If there’s one thing we’ve learned over the past few years, it’s that having an online strategy is necessary for a retailer to stay afloat. Retailers have generally responded well to the lockdowns and the changing consumer behavior that came with them. Some retailers are focusing on the hybrid shopping experience: an experience where the online experience seamlessly blends into the physical experience. Often by adding innovations in the physical store that bring the convenience of online into the store.

Consumers currently have a lot to choose from when it comes to ways to run errands or shop extensively. Online, offline or hybrid. Due to the lockdowns, even the most difficult consumers to move made the switch to the worldwide web. Research by Statistics Netherlands showed that the growth in e-commerce in 2021 was strongest among baby boomers. For some it was a convenience, for others a necessity. Either way, it changed the retail landscape forever. Consumers expect that the convenience of online shopping has also penetrated the physical store. Fortunately, the technological innovations that make this hybrid shopping experience seamless are increasingly available. I would like to highlight three for you.

1. Endless aisle

Online shops excel in providing insight into, for example, stock, available colors, sizes and brands. A physical store obviously has to do with a limited retail space. Retailers sometimes see a challenge in displaying as complete a range as possible in their store. The ‘endless aisle’ offers a good solution for this. It prevents customers from mistaking your store and seeking refuge in another physical store or web shop in order to still be able to obtain their beloved product.

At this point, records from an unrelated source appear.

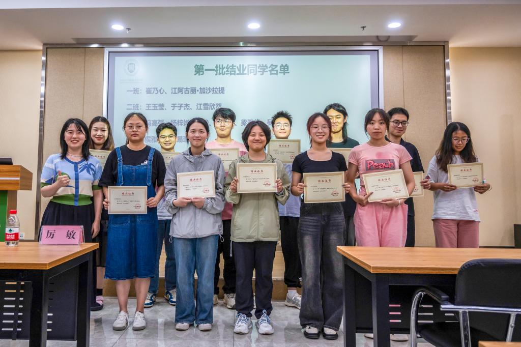 大会最后,厉敏、李纵擎分别为各班颁发结业证书和优秀班级证书并合影留念。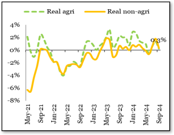 Well before the Covid lockdown, non-durables production was already slowing down. During the Covid period, expectedly, production fell outright; it then recovered after the lockdown ended. However, in the recent period, production appears to be falling outright again. The chiefs of major fast-moving consumer goods (FMCG) firms have been widely quoted in the media bemoaning the lack of demand.
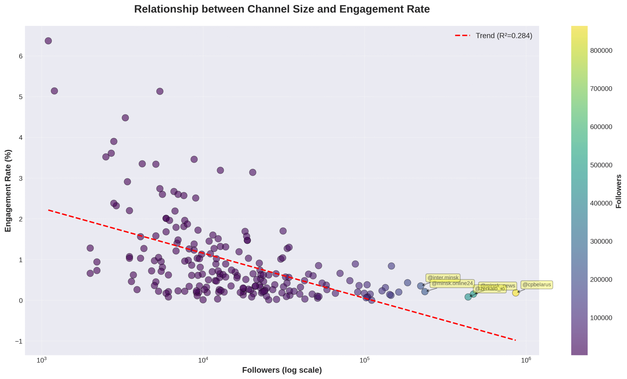 Анализ соотношения между размером канала и уровнем вовлеченности аудитории выявил неожиданную закономерность. Существует отчетливая негативная корреляция с коэффициентом R²=0.284 между количеством подписчиков и engagement rate. Это означает, что по мере роста канала его способность вовлекать аудиторию снижается.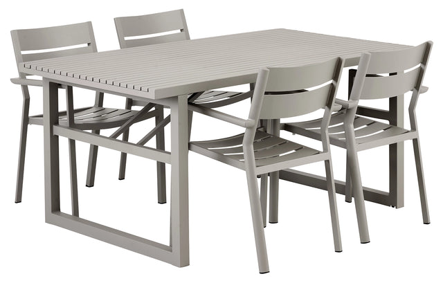 I matgruppen ingår ett Vevi matbord 160x90 cm och 4st Delia Karmstolar i khaki.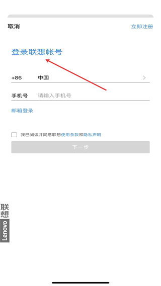 1、登錄板塊支持手機號、郵箱登錄聯想賬號,需閱讀并同意使用條款和隱私聲明,完成后可進入下一步,開啟APP使用之旅。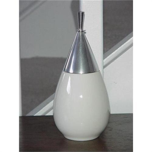 A 1960's Lenox china and sterling box, 7 1/4" tall, 3" in diameter. The sterling silver lid is signed Towle, and at the very top there is a dark green enameled dot. A very handsome piece of modern design suited for today's contemporary interiors. The condition is very good, the Lenox mark is dark green and the china is without flaw.

It also offers a solution for shops with a premium location in the middle of a large city. Since the retail space there is often dramatically small and the square meters are very expensive, you can still offer your full range in a space that is limited. Customers can look up their desired product via an interactive kiosk in the store. The displays on the column provide information and at the same time atmospheric images as a kind of shop window to make the shopping experience seem as real as possible. The customer orders his product(s) and has them delivered at home. Hybrid shopping at its best.

2. The Virtual Shop Assistant

Just google a product or service. Compare that frying pan with other brands or look up which medical device helps best with an ailment: we quickly reach for our smartphone. Your customer does this too. Often this happens before the customer goes to the store, but often also while shopping. As with the above example about looking up stock, you also prefer to keep control yourself when providing product information. Adding a virtual store employee can be a solution here.

Retailers can deploy virtual store assistants in a variety of ways. For example, it can serve as an information column for questions about topics that people would rather not put to a sales employee. The option would also be offered to make a live connection with a specialist. Think of a medical specialist for questions about medical devices or a technical specialist for questions about a laptop. This specialist can be deployed for any location and, for example, have his permanent workplace at a (head) office.

A column could also serve as a product comparator. Such a column in a department store would, for example, be placed in the kitchen range to compare kitchen utensils. Which pan suits the customer best? After the customer has answered some questions about his kitchen, wishes and use, the customer is shown a number of options for pans from different brands and in different price ranges. Of course, the customer is sent to the right pan in the store or can have this pan delivered at home via the kiosk. That also saves carrying around bags while shopping.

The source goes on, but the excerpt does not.